Эффективность способ пробоподготовки для проведения дальнейшего исследования адаптированным методом иммуномагнитной сепарации с последующим иммунофлуоресцентным мечением в экспериментальной серии исследований составила 100% цист лямблий, 100% - ооцист криптоспоридий (Таблица 2).

Пример 3. Выявляемость цист лямблий и ооцист криптоспоридий в биологическом материале кале из нативного материала

Метод эфир-формалиновой (или уксусной) седиментации: эффективность метода в собственных исследованиях составила 35±2,8 цисты лямблий.

Эффективность способа пробоподготовки для проведения дальнейшего исследования адаптированным методом иммуномагнитной сепарации с последующим иммунофлуоресцентным мечением метода в собственных исследованиях составила 35±2,8 цисты лямблий, 4.0±2,2 ооцисты криптоспоридий.

При исследовании 650 проб натурного материала 2 способами установлена 100% эффективность метода способа пробоподготовки для проведения дальнейшего исследования адаптированным методом иммуномагнитной сепарации с последующим иммунофлуоресцентным мечением при определении цист лямблий и ооцист криптоспоридий (табл. 3).

Новым этапом усовершенствования общепринятого метода лабораторных исследований биологического материала (кал) явились разработка и применение сорбентов с магнитными свойствами при выделении и идентификации различных микроорганизмов и их антигенов. Магнитоиммуносорбенты используют в качестве твердой фазы для селективного концентрирования на их поверхности различных антигенов и микроорганизмов. Широкий диапазон исследуемых проб (от нескольких миллилитров до многих кубических метров жидкостей), возможность исследования сильно загрязненных объектов позволит проводить более качественную диагностику паразитарных заболеваний и значительно расширит возможности эпидемиологического мониторинга оценки риска здоровья населения паразитарными заболеваниями. Для проведения исследования пробы кала методом иммунофлуоресцентным мечением разработана методика пробоподготовки, которая исключает применение реактивов, относящихся к группе высокотоксичных химических соединений, менее трудоемка в исполнении и обеспечивает 100% эффективность определения в пробах яиц и личинок гельминтов, цист лямблий и ооцист криптоспоридий в каждой пробе.
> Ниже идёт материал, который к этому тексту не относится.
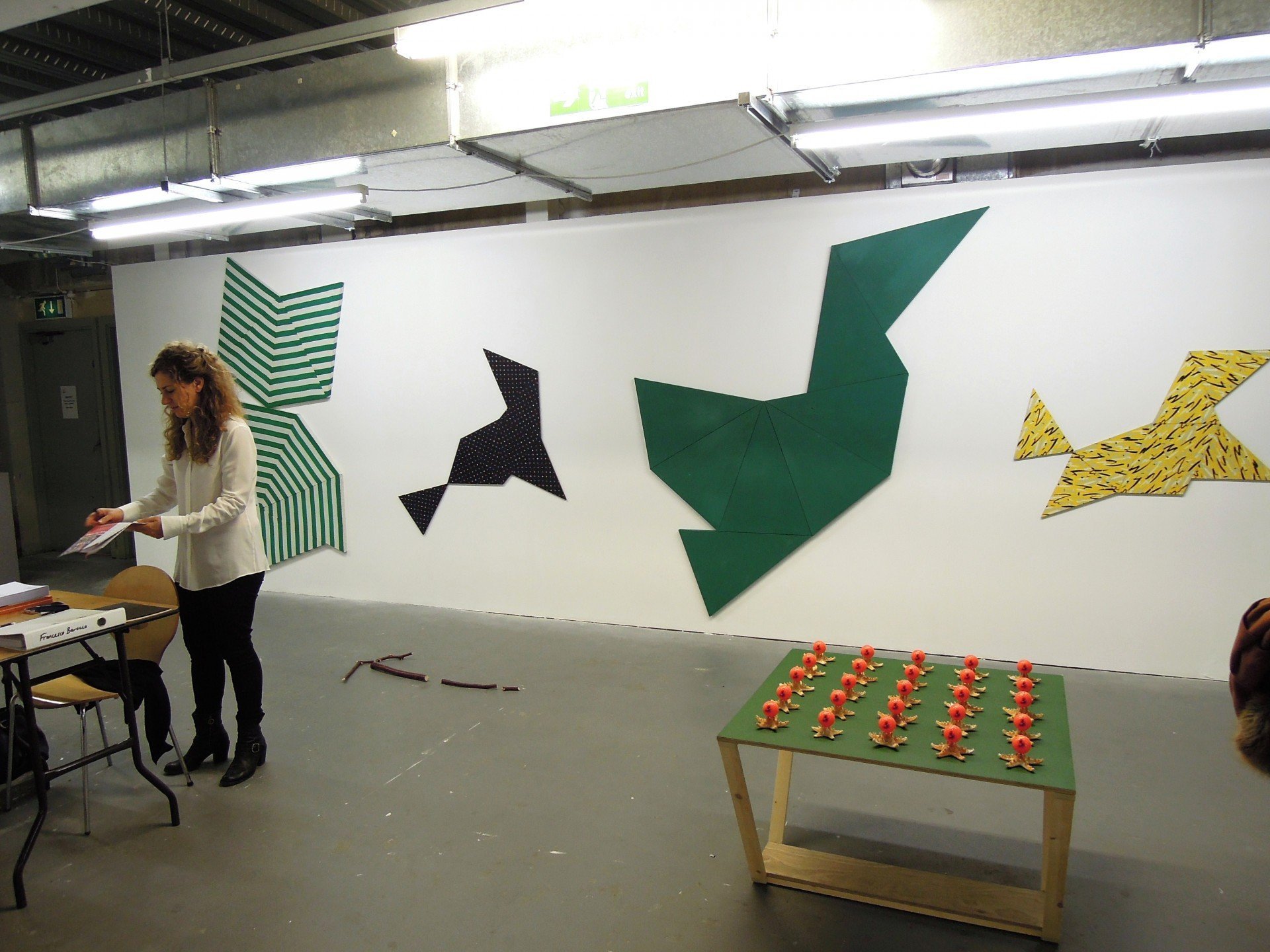Alek O. is born 1981, Buenos Aires. She presents two dimensional silhouette made of fabric taken from umbrellas and parasols. Probably they are not masterpieces, but the process of the making perfectly works as a conceptual frame.

Изобретение относится к области клинической медицины, более конкретно к работам по определению паразитологических агентов в клиническом материале – кале адаптированным методом иммуномагнитной сепарации с последующим иммунофлюоресцентным мечением. Способ пробоподготовки биологического материала кала для проведения определения цист лямблий и ооцист криптоспоридий методом иммуномагнитной сепарации с последующим иммунофлюоресцентным мечением включает отбор свежего нативного кала или трехкратной пробы кала, отобранного в консервант, добавление дистиллированной воды, тщательное перемешивание встряхиванием или стеклянной палочкой, фильтрование в центрифужную пробирку объемом 10 мл, центрифугирование в течение 10 мин при 1500 об/мин, затем надосадочную жидкость удаляют и исследуют осадок не более 1 мл, при большем объеме осадка, его ресуспензируют дистиллированной водой и далее обрабатывают как 2 и более порции, для подсчета интенсивности заражения исследуется весь объем полученного осадка. 3 табл., 1 ил., 3 пр.
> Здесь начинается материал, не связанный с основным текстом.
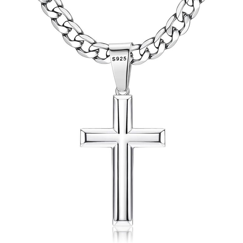 ·S925 Sterling Silver: The 925 sterling silver cross pendant with 316l stainless steel diamond cut cuban link chain, which is strong and sturdy. Hpoallergenic, no nickel and lead, suitable for sensitive skin, never lose luster
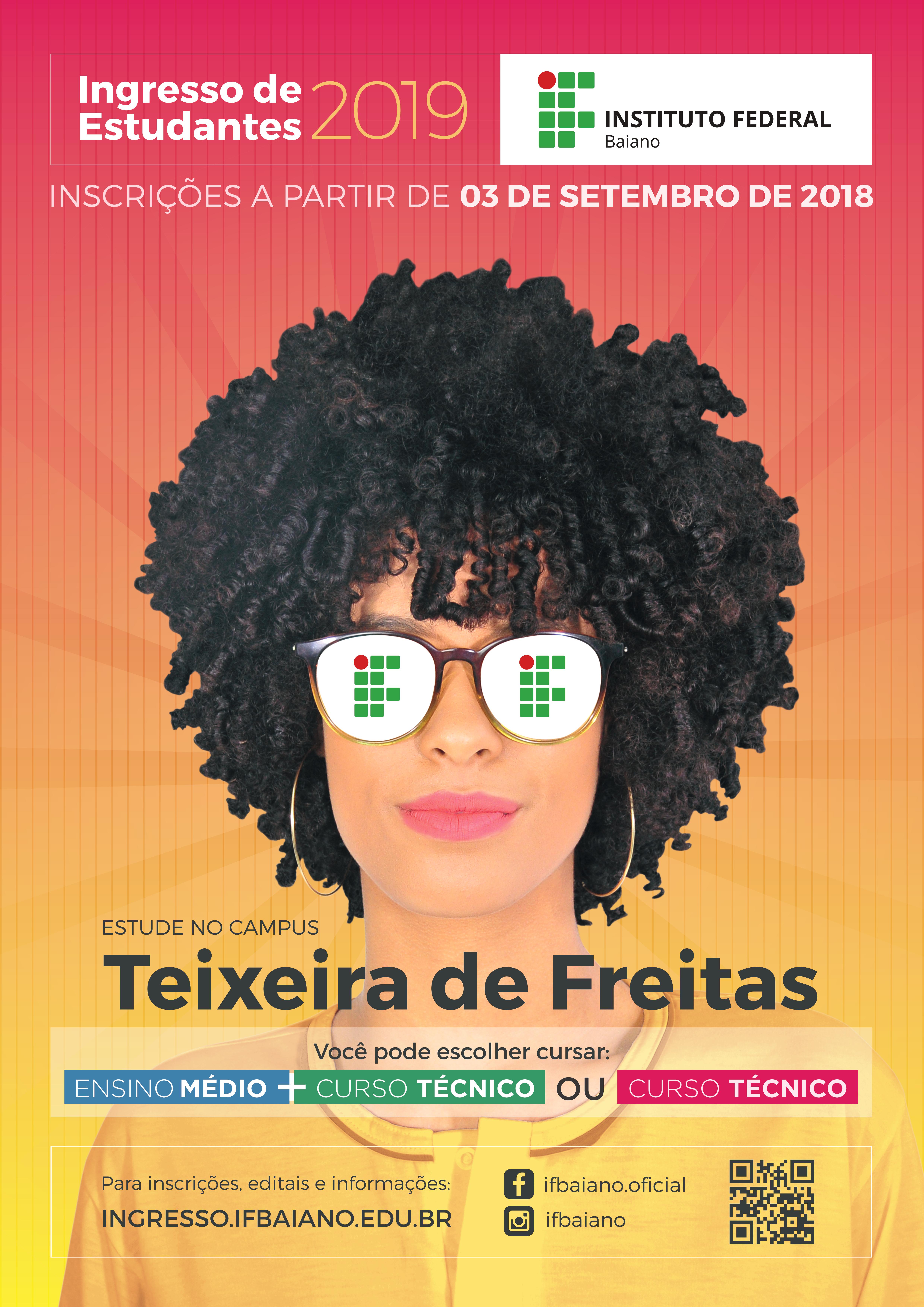 Estarão abertas, a partir do dia 3 de setembro, as inscrições para o Processo de Ingresso 2019 do Instituto Federal de Educação, Ciência e Tecnologia Baiano. A oportunidade é para estudantes que concluíram o Ensino Fundamental e desejam cursar o Ensino Médio juntamente com um curso técnico (Integrado) ou para quem já concluiu o Ensino Médio e deseja fazer um curso técnico (Subsequente).

Способ пробоподготовки биологического материала кала для проведения определения цист лямблий и ооцист криптоспоридий методом иммуномагнитной сепарации с последующим иммунофлюоресцентным мечением, включающий отбор проб биологического материала кала, пробоподготовку биологического материала, отличающийся тем, что осуществляют отбор свежего нативного кала или трехкратной пробы кала, отобранного в консервант, добавляют дистиллированную воду, тщательно перемешивают встряхиванием или стеклянной палочкой, фильтруют в центрифужную пробирку объемом 10 мл, центрифугируют в течение 10 мин при 1500 об/мин, затем надосадочную жидкость удаляют и исследуют осадок не более 1 мл, при большем объеме осадка его ресуспензируют дистиллированной водой и далее обрабатывают как 2 и более порции, для подсчета интенсивности заражения исследуется весь объем полученного осадка.